在跟嵩山派的明爭暗鬥之中,方誠老和尚的老奸巨滑可是讓左冷禪等人印象深刻。
長安府首善之地,留在那裡對少林寺的大局極為有利,方誠如今離開長安,只有一個原因,那就是吃了虧,在長安府有些呆不住了。或者是長安的局面已經沒有什麽好經營的,轉而另謀他方。
直白點說就是,方誠老和尚被人打出了長安府,只能退避三舍。
而這段時間在長安府的高手有誰,不用猜,只有所謂的“無雙劍”蘇三一個人而已。
費彬見眾人全都重視了起來,他輕咳一聲繼續說道:“而且,自從‘無雙劍’蘇三名聲大振之後,華山派就有了許多商人富戶帶著兒女上山拜師,聽說人多得能把嶽不群正氣堂的門檻都踩破了。

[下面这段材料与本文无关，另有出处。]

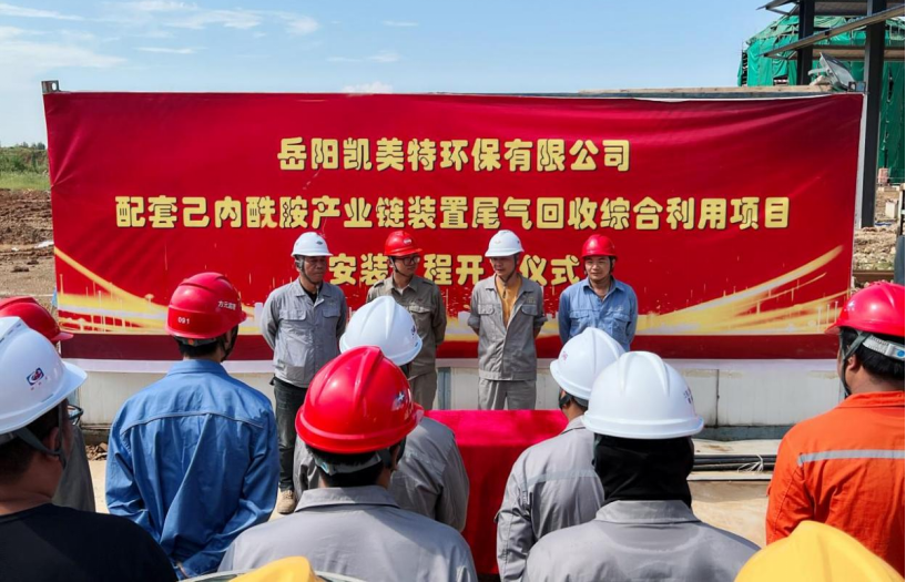 8月2日下午,由中南公司承建的岳陽凱美特環保有限公司配套己內酰胺產業鏈裝置尾氣回收綜合利用項目安裝工程在項目現場舉行開工儀式。

”
“哈哈……”
眾人笑了半聲,就笑不出來了,他們嵩山派一直以來,為什麽強大?還不就是因為他們名聲極大,吸引得四方英傑來投,慢慢的就興旺了起來。
而華山派,嶽不群雖然一直努力,四處行俠仗義,結交江湖同道,想要打出名聲,讓所有人都看到華山派的好處。
但結果,其實並沒有什麽大用。
在左冷禪的眼中,華山嶽不群實力不差,更不缺城府與決心,唯一的缺點就是如今的華山派弟子極少,再怎麽鬧騰也翻不起大浪。
可是,如今的華山派就因為一個出色的弟子,就變得再也不同,漸漸能看到興旺的跡象。
等到這批新晉弟子全都成長起來,再湧向江湖,對嵩山派將是一種巨大的威脅和挑戰,這是左冷禪無論如何都不能容忍的。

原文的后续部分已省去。